Limitations and caveats
Several limitations may impact the interpretation of these results. Our dataset itself is small; after QC, we were left with only 248 spectra across nine strains and three plates, yielding noisy cross-validated performance metrics. In addition, the strains in our dataset may be too genetically similar to produce detectable differences in the Raman spectra, so our negative result for strain classification here may not generalize to collections of strains with greater diversity. Finally, the desiccation step in our sample preparation protocol — while necessary to yield a sufficiently strong Raman signal from our spectrometer — is inherently variable and likely contributes to the plate-level batch effect we report here. Other sample preparation techniques may result in weaker batch effects.

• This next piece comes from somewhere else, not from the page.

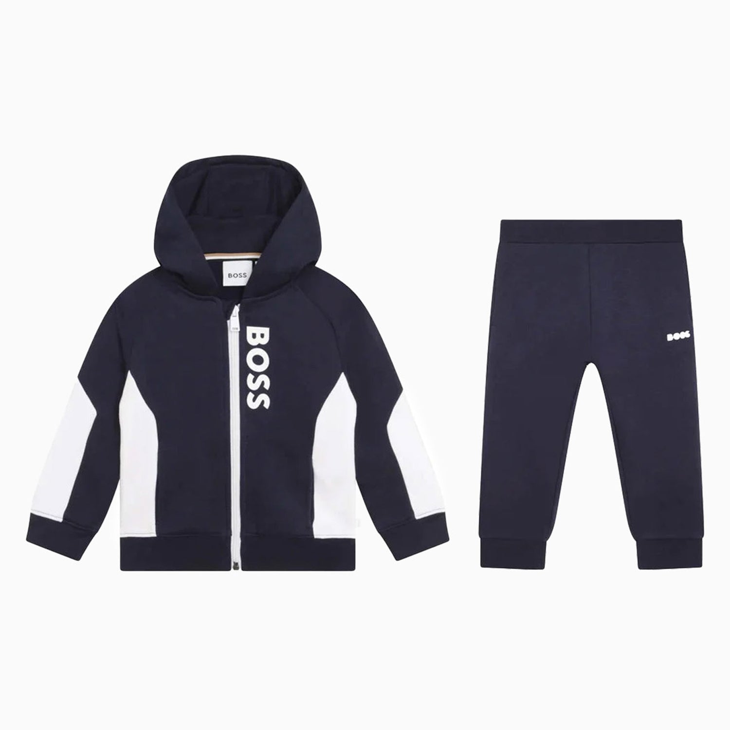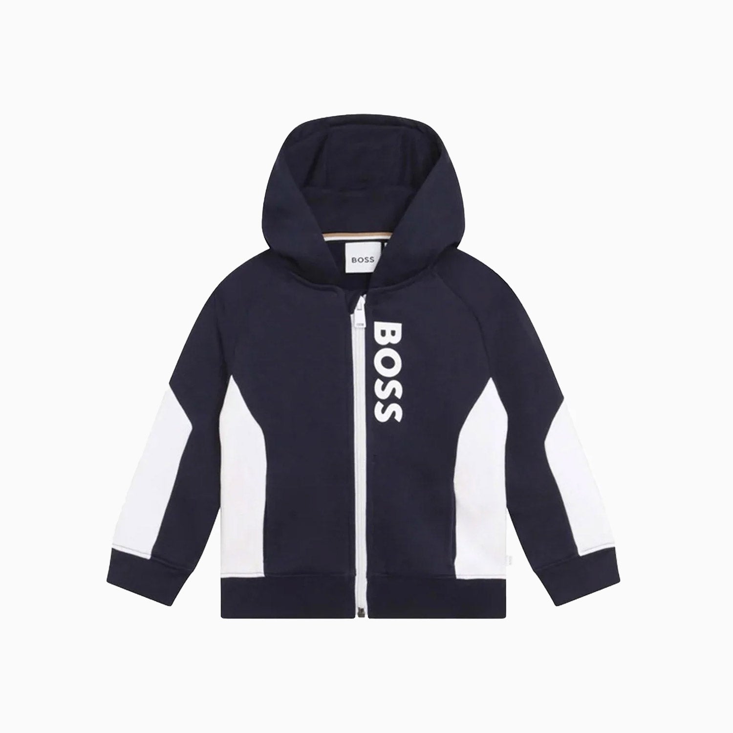 This hooded jersey cardigan from HUGO BOSS is made of soft and comfortable, mid-weight cotton jersey, both pieces have white panels with logo prints, and woven logo tabs.

We also note that our batch correction approach introduces an implicit train-test leakage, as it applies batch correction once to the full dataset, rather than to each training fold separately. For leave-one-plate-out cross-validation, this effect is severe, as the batch-effect dimension and the cross-validation dimension are identical. This means that our batch-corrected leave-one-plate-out cross-validation estimates are not valid estimates of generalization to fully unseen plates (i.e., plates held out from both batch correction and cross-validation). We instead intend our results to represent a description of how much information about a variable of interest is contained in the spectra, given full knowledge of experimental confounders. In other words, much like PCA or clustering applied to an entire dataset, our batch-corrected cross-validation results describe the batch-corrected structure in the data we have, not the performance we'd expect on new data.
Conclusions
Raman spectroscopy is an extremely sensitive technique. It can detect real, relevant biological signals — and sometimes very subtle ones — but it also readily picks up irrelevant signals associated with experimental conditions. In practice, we have found that Raman spectra invariably contain a mixture of both relevant and irrelevant signals. Because experimental batch effects are a kind of structured noise, standard k-fold cross-validation can give misleadingly good results by allowing models to learn batch-specific features. To distinguish authentic biological signals from batch effects, experiments must therefore include end-to-end replicates, and analysis must be cross-validated on experimentally meaningful batch dimensions. We recommend that experiments incorporate at least three end-to-end replicates from the outset, and that analysis workflows include both leave-one-replicate-out cross-validation and "adversarial" prediction tasks in which a model is trained to predict biologically meaningless variables like replicate or plate identifiers.